HOW TO COMPLETE THIS TASK: What you return must match the listing below exactly, minus any pictures.

RAW DATA:
------------------------------------

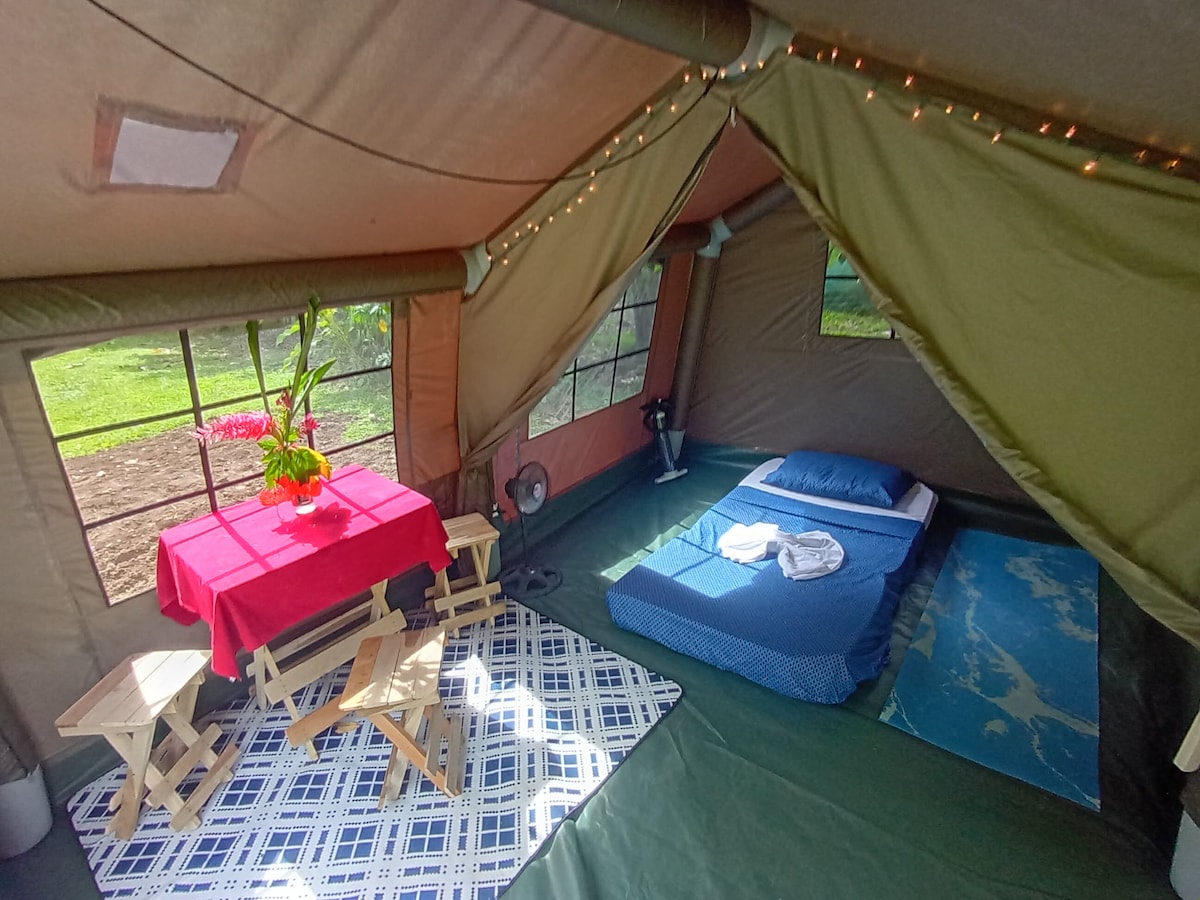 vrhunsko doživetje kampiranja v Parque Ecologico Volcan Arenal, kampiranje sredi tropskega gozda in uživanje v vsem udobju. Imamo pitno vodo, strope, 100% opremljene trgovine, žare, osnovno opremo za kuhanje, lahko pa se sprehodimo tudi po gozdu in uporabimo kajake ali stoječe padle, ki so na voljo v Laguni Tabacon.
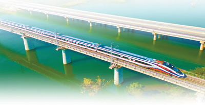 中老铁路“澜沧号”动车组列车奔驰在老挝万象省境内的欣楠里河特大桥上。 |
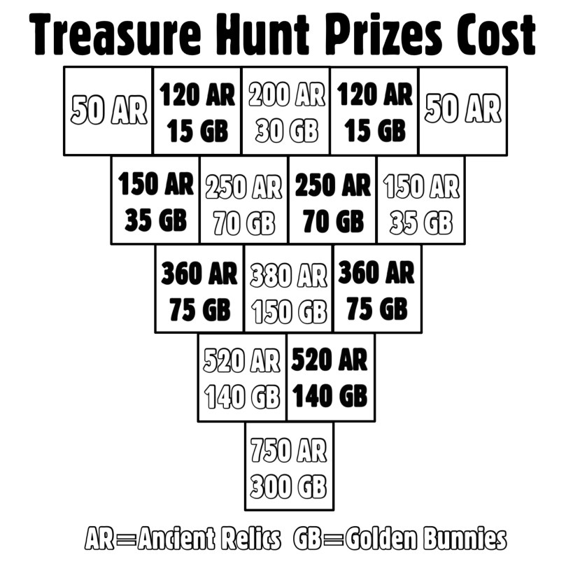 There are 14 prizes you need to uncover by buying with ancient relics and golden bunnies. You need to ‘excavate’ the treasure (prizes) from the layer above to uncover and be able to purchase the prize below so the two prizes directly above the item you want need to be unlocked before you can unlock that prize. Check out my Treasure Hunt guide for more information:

------------------------------------

WRITTEN ANSWER:
 vrhunsko doživetje kampiranja v Parque Ecologico Volcan Arenal, kampiranje sredi tropskega gozda in uživanje v vsem udobju. Imamo pitno vodo, strope, 100% opremljene trgovine, žare, osnovno opremo za kuhanje, lahko pa se sprehodimo tudi po gozdu in uporabimo kajake ali stoječe padle, ki so na voljo v Laguni Tabacon.
 中老铁路“澜沧号”动车组列车奔驰在老挝万象省境内的欣楠里河特大桥上。 |
 There are 14 prizes you need to uncover by buying with ancient relics and golden bunnies. You need to ‘excavate’ the treasure (prizes) from the layer above to uncover and be able to purchase the prize below so the two prizes directly above the item you want need to be unlocked before you can unlock that prize. Check out my Treasure Hunt guide for more information:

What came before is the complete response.